Omni-C: Compressing Heterogeneous Modalities into a Single Dense Encoder
Recent multimodal systems often rely on separate expert modality encoders which cause linearly scaling complexity and computational overhead with added modalities. While unified Omni-models address this via Mixture-of-Expert (MoE) architectures with specialized experts and routing, they still inflate parameter counts and introduce routing overhead. In this paper, we propose Omni-C (Omni-Compress), a single dense Transformer-based encoder that learns competitive shared representations across heterogeneous modalities–images, audio, and text–through unimodal contrastive pretraining on large-scale unaligned data. By maximizing parameter sharing in the backbone and using lightweight modality-specific projection heads, Omni-C effectively mitigates inter-modality conflicts without requiring MoE, paired supervision, or routing. This design supports efficient deployment on memory-constrained systems via sequential modality processing and low-memory inference, eliminating the need for parallel expert loading or specialized hardware. Experiments show Omni-C achieves performance comparable to expert models in unimodal and cross-model tasks, with modest zero-shot degradation on audio and text that is largely recovered through lightweight linear probing or parameter efficient fine-tuning. The unified architecture substantially reduces inference memory usage compared to multi-encoder baselines, advancing efficient and scalable multimodal learning.
💡 Research Summary
Background and Motivation
Multimodal AI systems traditionally rely on separate, large‑scale expert encoders for each modality (vision, audio, text). While this yields strong unimodal performance, adding a new modality linearly inflates parameter count, memory usage, and engineering complexity. Recent “Omni‑models” attempt to share parameters via Mixture‑of‑Experts (MoE) and routing mechanisms, but they still require a large pool of expert weights to be resident in memory and introduce routing overhead during both training and inference. Consequently, a truly efficient solution—one that eliminates both expert duplication and routing while still delivering competitive multimodal representations—remains an open problem.
Key Idea of Omni‑C
Omni‑C (Omni‑Compress) proposes a single dense Vision‑Transformer (ViT) backbone that processes images, audio spectrograms, and text in a unified manner. The design follows three principles: (1) maximal parameter sharing across modalities, (2) lightweight modality‑specific front‑ends that map each input to a common embedding dimension (d), and (3) modality‑specific projection heads that sit on top of the shared backbone. Images and audio are turned into non‑overlapping patches and projected via dedicated 2D convolutional layers; text tokens are linearly projected after BERT tokenization.
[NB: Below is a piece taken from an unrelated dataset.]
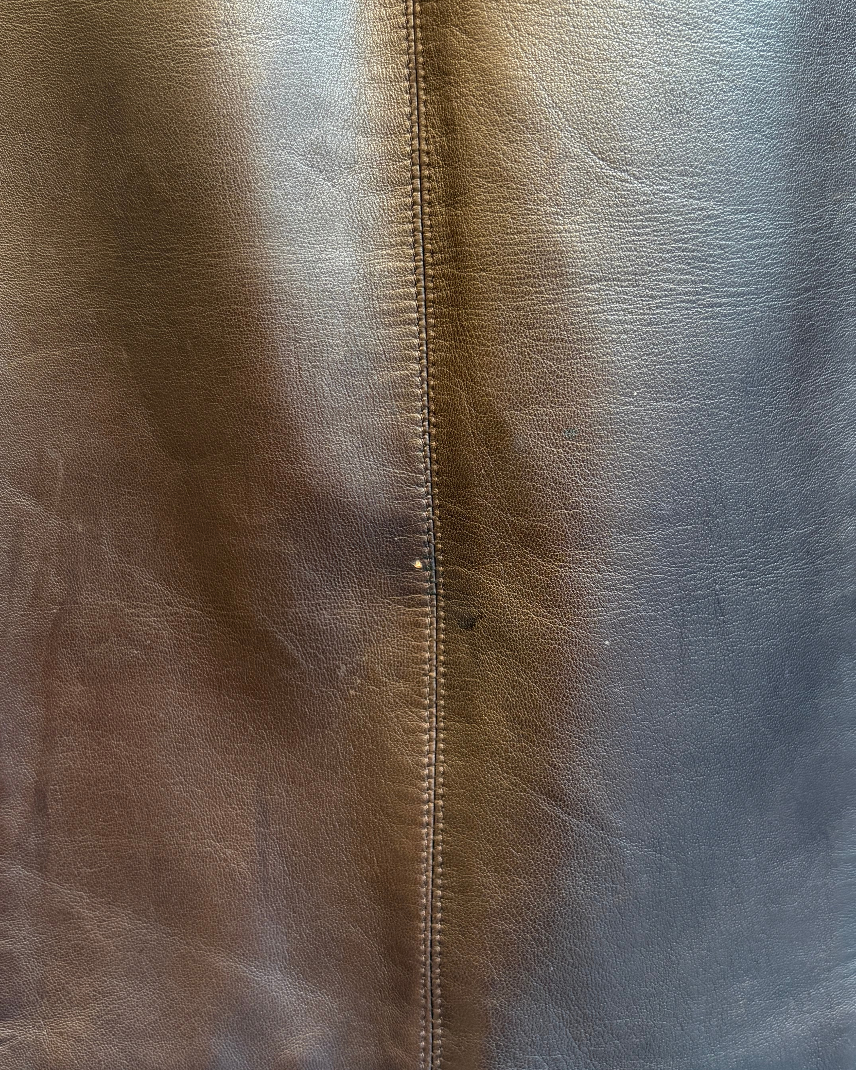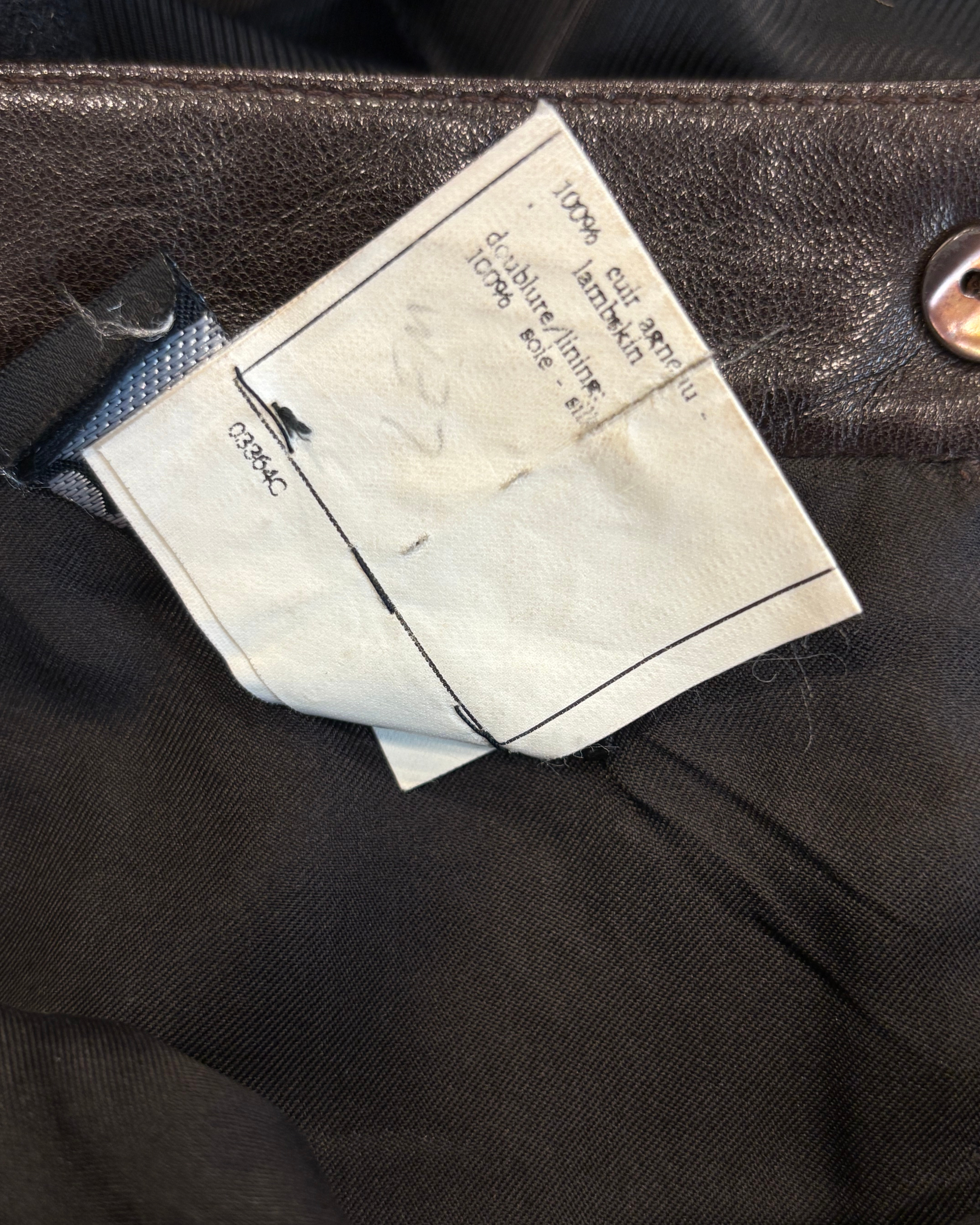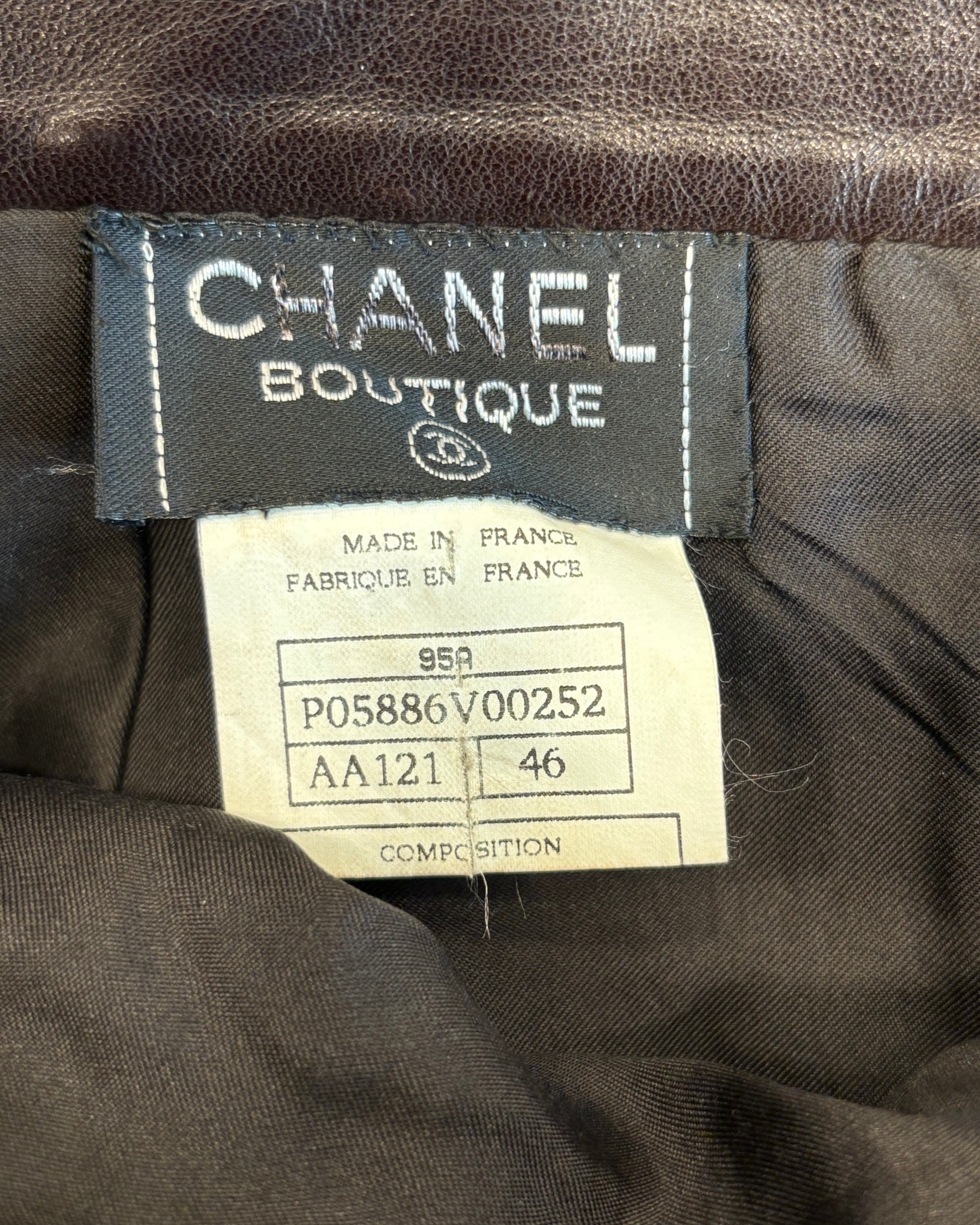 Magnifique jupe Chanel vintage en cuir marron foncé en bon état général. Le cuir présente de léger signe d’usure.

All three streams receive modality‑specific sinusoidal positional encodings and a shared CLS token before being fed into the same transformer stack.
Training Procedure
Instead of paired multimodal data, Omni‑C is pretrained with unimodal contrastive self‑supervised learning on large, unaligned corpora: ImageNet‑1K for vision, AudioSet for audio, and English Wikipedia for text. For each modality, an InfoNCE loss encourages embeddings of augmented views of the same sample to be close while pushing apart embeddings of different samples. The authors adopt a sequential training schedule (image → audio → text) inspired by Omnivore, which mitigates catastrophic forgetting and prevents any single modality from dominating the shared representation space. No explicit cross‑modal pairing or MoE routing is required.
Architectural Details
- Patch Embedding: Images ((3\times H\times W)) and log‑mel spectrograms ((1\times H’\times W’)) are split into patches of size (h\times w) and passed through a 2‑D convolution that outputs (d)‑dimensional vectors.
- Text Embedding: Token IDs from a BERT tokenizer are mapped to the same (d)‑dimensional space via a linear layer.
- Positional Encoding: 2‑D sinusoidal encodings for visual/audio patches, 1‑D sinusoidal encodings for text tokens, plus a learnable CLS token.
- Backbone: Standard ViT blocks (multi‑head self‑attention, MLP) process the concatenated token sequence, yielding a global CLS representation.
- Projection Heads: Small MLPs (one per modality) project the CLS token into the contrastive space used for the InfoNCE loss.
Experimental Evaluation
The authors compare Omni‑C against (i) modality‑expert baselines (e.g., CLIP‑ViT‑B/32 for vision, CLAP for audio, BERT‑base for text), (ii) MoE‑based Omni‑models (Uni‑MoE, Ming‑Omni, Qwen3‑Omni), and (iii) multi‑encoder pipelines. Evaluation covers four axes:
- Zero‑Shot Unimodal Performance – image classification, audio event detection, and text classification.
- Linear Probing & Parameter‑Efficient Fine‑Tuning – linear classifiers on frozen backbones and LoRA adapters.
- Cross‑Modal Zero‑Shot Retrieval – image‑text and audio‑text search using a linear probe alignment (inspired by SAIL).
- Inference Memory Footprint – GPU memory consumption during single‑modality inference.
Results
- Representation Clustering: t‑SNE visualizations show distinct clusters for each modality, confirming that the shared backbone learns modality‑aware yet globally aligned embeddings.
- Attention Patterns: Across modalities, the backbone exhibits distributed attention maps, contrasting with the highly focused attention of unimodal expert models. This distributed pattern resembles a “global gist” extraction, beneficial for cross‑modal transfer.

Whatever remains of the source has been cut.